At the VA: Paper, Pencil and Questionable Tech

The Department of Veterans Affairs continues to make progress in fits and starts but still puts veterans at a tremendous disadvantage because of a lack of technological innovation and modernization of its claims process, according to lawmakers and a new study out this week.


Despite making progress in 2013 to shave the number of backlogged benefits claims, the VA seems to have stalled at around 400,000, according to “The Red Tape Report” by the advocacy group Iraq and Afghanistan Veterans of America.

“In the State of the Union address, President (Barack) Obama re-affirmed the VA disability claims backlog as a national priority,” said Jacqueline Maffucci, IAVA’s research director and author of the report told NBC News. “… It is not just about bringing the backlog to zero, but keeping it there.”

Much of the problem lies in its troubled transition from a paper-and-pencil process to digital.

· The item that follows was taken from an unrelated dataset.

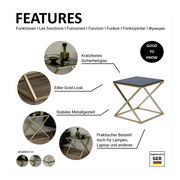 Ob neben dem Bett oder in der Sofaecke – der Jahnke Beistell-/Nachttisch "X-TRA D 140" setzt elegante Akzente in Ihren modernen Wohnräumen. Mit dem goldfarbenen Metallgestell und der schwarzen Ablage ist er ein kontrastreicher Blickfang im schlichten Stil.
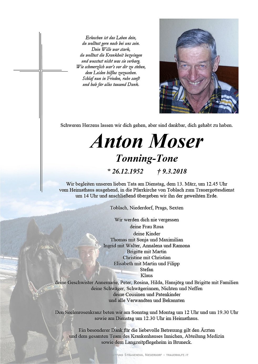 Wir begleiten unseren lieben Tata am Dienstag, dem 13. März, um 12.45 Uhr vom Heimathaus ausgehend, in die Pfarrkirche von Toblach zum Trauergottesdienst um 14 Uhr und anschließend übergeben wir ihn der geweihten Erde.

The IAVA report makes several recommendations, most notably on what it calls the “VA’s outdated disability system.” The report says, “Informed by research and first-hand accounts, the report details the VA’s outdated paper-based disability system that emphasizes the quantity of claims processed over the quality of the processed claim.”

According to the Center for Investigative Reporting, the VA spent $537 million over a four-year period to create and install its Veterans Benefits Management System (VBMS) to digitize its claims process. After those four years just three percent of claims had been digitized, CIR found.

“Folks inside VA call VBMS ‘VBMess,’” Paul Rieckhoff, an Army veteran who is now executive director of the Iraq and Afghanistan Veterans of America, said to Politico. “The technology is not consistent, and the interoperability between agencies is nonexistent.”

Congress is looking to new legislation and to technology industry leaders for new ideas how to continue to close the backlog of claims and to bring the VA into the 21st Century. Uncertainty remains if VBMS is the solution to adequately address the backlog issues for the VA.
The VA says that more then 78 percent of the current claims inventory can now be processed electronically through VBMS, up 32 percent from 2013.
Said Craig Newmark, founder of Craigslist and a veterans’ issues advocate, to Politico: “The [Veterans Benefits Administration] is doing a great deal right now under very trying circumstances. They are pushing uphill, and they’re trying to accomplish in a few years what typically takes much longer.”
Still, many veterans wait.
As of Feb. 3, the backlog of claims stood at 397,000, and another 200,000 claims were being appealed by veterans. And the VA continues to have just as many or more claims being filed each month than it is processing.